In R, there are generally two methods for iteration—for() loops and functionals. We will start with a review of for() loops before hopping over to functionals.

for loops

In R, for loops have the following general structure:

for (i in some_vector) {
    # Code to do stuff with i
}

some_vector can be any vector, including:

  • An indexing vector: 1:3
  • A character vector: c("group1", "group2", "group3")
  • A vector of any other class
groups <- c("group1", "group2", "group3")

for (i in 1:3) {
    print(groups[i])
}
[1] "group1"
[1] "group2"
[1] "group3"
for (g in groups) {
    print(g)
}
[1] "group1"
[1] "group2"
[1] "group3"

for() loop Indices

The seq_along() function generates an integer sequence from 1 to the length of the vector supplied. A nice feature of seq_along() is that it generates an empty iteration vector if the vector you’re iterating over itself has length 0.

seq_along(groups)
[1] 1 2 3
no_groups <- c()
seq_along(no_groups)
integer(0)
for (i in seq_along(groups)) {
    print(groups[i])
}
[1] "group1"
[1] "group2"
[1] "group3"
for (i in seq_along(no_groups)) {
    print(no_groups[i])
}

Closely related to seq_along() is seq_len(). While seq_along(x) generates an integer sequence from 1 to length(x), seq_len(x) takes x itself to be a length:

[1] 1 2 3
integer(0)
for (i in seq_len(length(groups))) {
    print(groups[i])
}
[1] "group1"
[1] "group2"
[1] "group3"
for (i in seq_len(length(no_groups))) {
    print(no_groups[i])
}

Dataframe Indices

seq_len() is useful for iterating over the rows of a data frame because seq_along() would iterate over columns:

small_data <- tibble(a = 1:2, 
                     b = 2:3, 
                     c = 4:5)
small_data
# A tibble: 2 × 3
      a     b     c
  <int> <int> <int>
1     1     2     4
2     2     3     5
for (col in seq_along(small_data)) {
    print(col)
}
[1] 1
[1] 2
[1] 3
for (r in seq_len(nrow(small_data))) {
    print(r)
}
[1] 1
[1] 2

Storing Objects

Often we’ll want to store output created during a for loop. We can create storage containers with the vector() function:

char_storage <- vector("character", 
                       length = 3)
char_storage
[1] "" "" ""
num_storage <- vector("numeric", 
                      length = 3)
num_storage
[1] 0 0 0
list_storage <- vector("list", 
                       length = 3)
list_storage
[[1]]
NULL

[[2]]
NULL

[[3]]
NULL

Our loop can then store objects created at each iteration stage:

for (i in seq_len(3)) {
    char_storage[i] <- str_c("Number: ", i)
    num_storage[i] <- 2*i
    list_storage[[i]] <- i # Note the [[ for subsetting here
}

char_storage
[1] "Number: 1" "Number: 2" "Number: 3"
num_storage
[1] 2 4 6
list_storage
[[1]]
[1] 1

[[2]]
[1] 2

[[3]]
[1] 3

Initial Object Size

Notice that we initialized char_storage, num_storage, and list_storage to all be the same length as our iteration vector (seq_len(3)). Technically, this wasn’t necessary. We could have been much lazier when we initialized these objects: list_storage <- NA. Why didn’t we do this?
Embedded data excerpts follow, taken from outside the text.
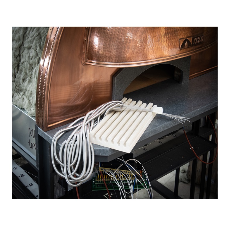 Les briques broyées de 4 cm d'épaisseur, composant le sol en 'Biscotto di Sorrento', emprisonnent la chaleur et maintiennent une température constante. Les 4 cm supplémentaires de briques réfractaires en haut de la chambre permettent d'économiser considérablement l'électricité tout en maintenant la température optimale.
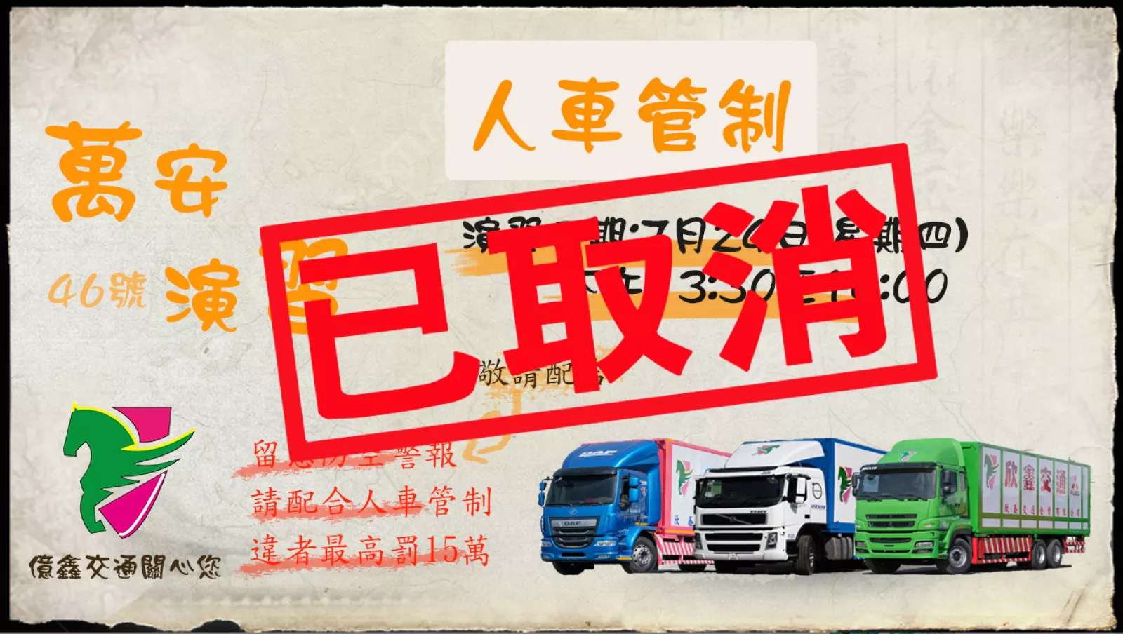 原定112年7月27日46號萬安演習 取消
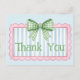 Esta linda tarjeta de agradecimiento presenta un marco rosa con rayas azules y blancas y coronada con un lazo de cuadros de gingham verde y blanco. Personalice con su elección de texto especial.

When you don’t initialize an object as a specific size (e.g., length = 3) then at every stage of the for() loop R needs to append a new index to that object. This really slows down your for() loop!
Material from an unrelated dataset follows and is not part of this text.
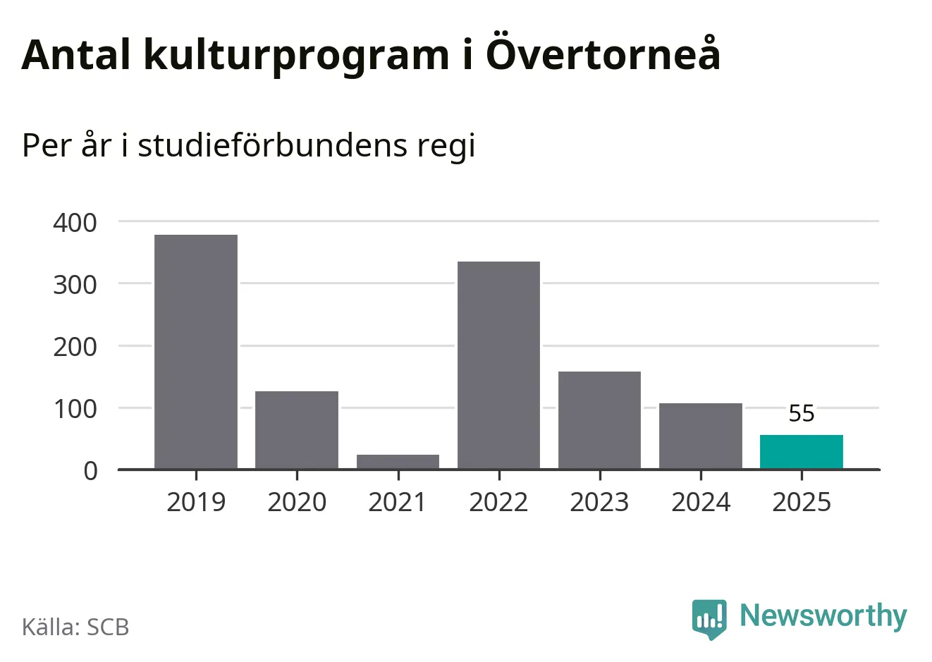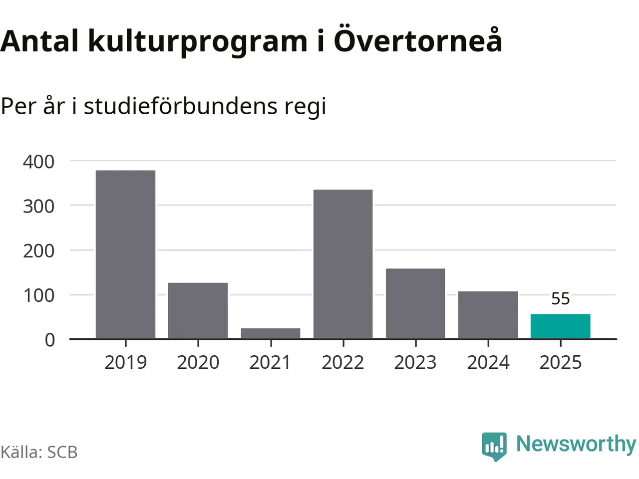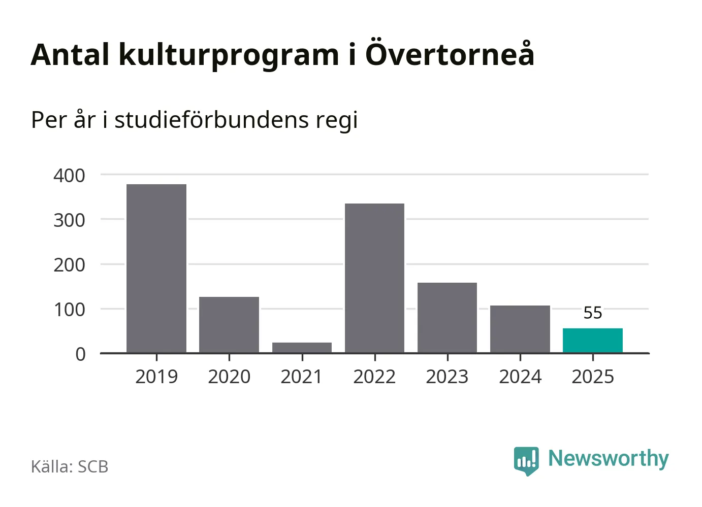 I Övertorneå är minskningen ännu större: förra året hade studieförbunden omkring 1 200 studietimmar i kommunen, vilket är en minskning med tolv procent jämfört med året innan. Även antalet kulturprogram i studieförbundens regi minskade, från 107 till 55 stycken.

Here is a comparison of the run time between two functions that both store the index of the iteration. The first function (do_stuff_allocate) sets the initial object size (vector(length = reps)) before the loop is run. The second function (do_stuff_tackon) does not set an initial object size and instead initializes results as a vector of length 1 (results <- NA).
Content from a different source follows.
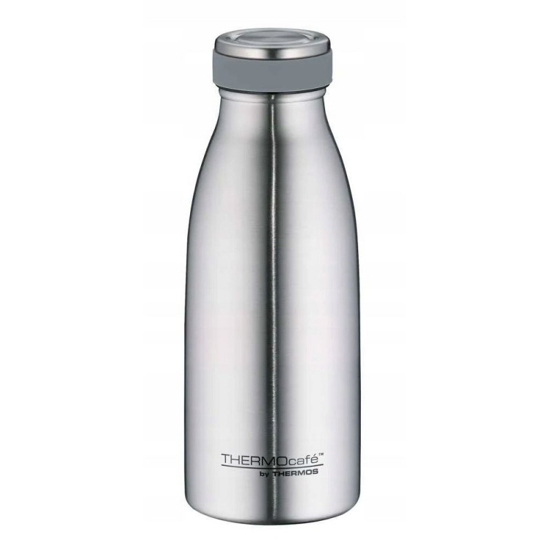 The THERMOS THERMOcafé thermos flask has a 350 ml capacity and is made of stainless steel. It keeps drinks cold for 24 hours and hot for 12 hours, and is leakproof and easy to clean.

do_stuff_allocate <- function(reps) {
  results <- vector(length = reps)
  for (i in seq_len(reps)) {
    results[i] <- i
  }
  return(results)
}

do_stuff_tackon <- function(reps) {
   results <- NA
  for (i in seq_len(reps)) {
    results <- c(results, i)
  }
  return(results)
}

Let’s see how these two functions compare in their run time:

Statistic do_stuff_allocate do_stuff_tackon
min 12,751 µs 403,317 µs
mean 23,755 µs 828,469 µs
median 14,596 µs 559,630 µs
max 867,519 µs 11,678,973 µs

Lesson: You should always initialize your object as the size you want it to be.

Check-inCheck In
  1. Write a for()-loop that prints the even numbers from 1:20.

  2. Can you produce the same output with the seq() function?

  1. Write a for()-loop that iterates over the month.name vector (built-in to base R) and stores a character vector of output containing strings like “Month 1: January”, “Month 2: February”.

  2. Can you produce the same output with str_c() only?

  1. Write a for()-loop that store the class() (type) of every column in the mpg data frame.

Iteration with Functionals

A functional is a function that takes a function as an input and returns a vector as output. - Hadley Wickham

Required-readingRequired Reading

purrr is a tidyverse package that provides several useful functions for iteration. The main advantages of purrr include:

  • Improved readability of R code
  • Reduction in the “overhead” in writing a for()-loop (creating storage containers and writing the for (i in ...))

In purrr, we can use the family of map() functions to apply a function to each element of a list or vector. We can think of this as mapping an input (a list or vector) to a new output via a function. Let’s look at the purrr cheatsheet to look at graphical representations of how these functions work.

  • map() returns a list
  • map_chr() returns a character vector
  • map_lgl() returns a logical vector
  • map_int() returns an integer vector
  • map_dbl() returns a numeric vector
  • map_vec() returns a vector of a different (non-atomic) type (like dates or factors)

A Single Output

To get the class() of each data frame column, map_chr() is the function we want because the class of a variable is a strings (e.g., "logical").

map_chr(mpg, .f = class)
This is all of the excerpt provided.